• _Task to carry out_
Between the line containing "Even Hexaplex has hitched a ride" and the line containing "BOBCAT 742 SKID STEER LOADER" lies a run of lines; give that run again exactly, with both of those lines, and nothing else from the entries below.

• _Dataset_
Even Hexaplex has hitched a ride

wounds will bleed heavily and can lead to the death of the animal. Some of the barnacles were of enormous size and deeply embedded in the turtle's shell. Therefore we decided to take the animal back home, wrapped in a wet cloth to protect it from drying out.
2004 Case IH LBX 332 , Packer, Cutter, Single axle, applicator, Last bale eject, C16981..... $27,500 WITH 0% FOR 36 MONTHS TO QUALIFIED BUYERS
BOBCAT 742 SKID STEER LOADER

---

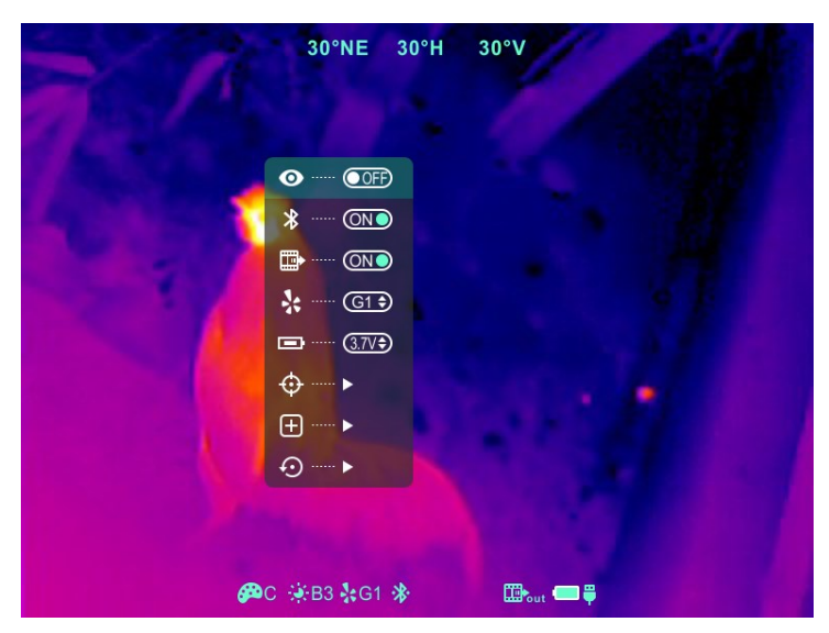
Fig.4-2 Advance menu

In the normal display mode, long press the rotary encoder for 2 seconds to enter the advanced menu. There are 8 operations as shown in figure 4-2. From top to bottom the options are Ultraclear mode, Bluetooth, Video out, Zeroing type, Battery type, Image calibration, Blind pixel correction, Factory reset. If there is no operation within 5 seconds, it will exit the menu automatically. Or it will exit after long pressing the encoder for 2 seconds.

• _Result of this task_
Even Hexaplex has hitched a ride

wounds will bleed heavily and can lead to the death of the animal. Some of the barnacles were of enormous size and deeply embedded in the turtle's shell. Therefore we decided to take the animal back home, wrapped in a wet cloth to protect it from drying out.
2004 Case IH LBX 332 , Packer, Cutter, Single axle, applicator, Last bale eject, C16981..... $27,500 WITH 0% FOR 36 MONTHS TO QUALIFIED BUYERS
BOBCAT 742 SKID STEER LOADER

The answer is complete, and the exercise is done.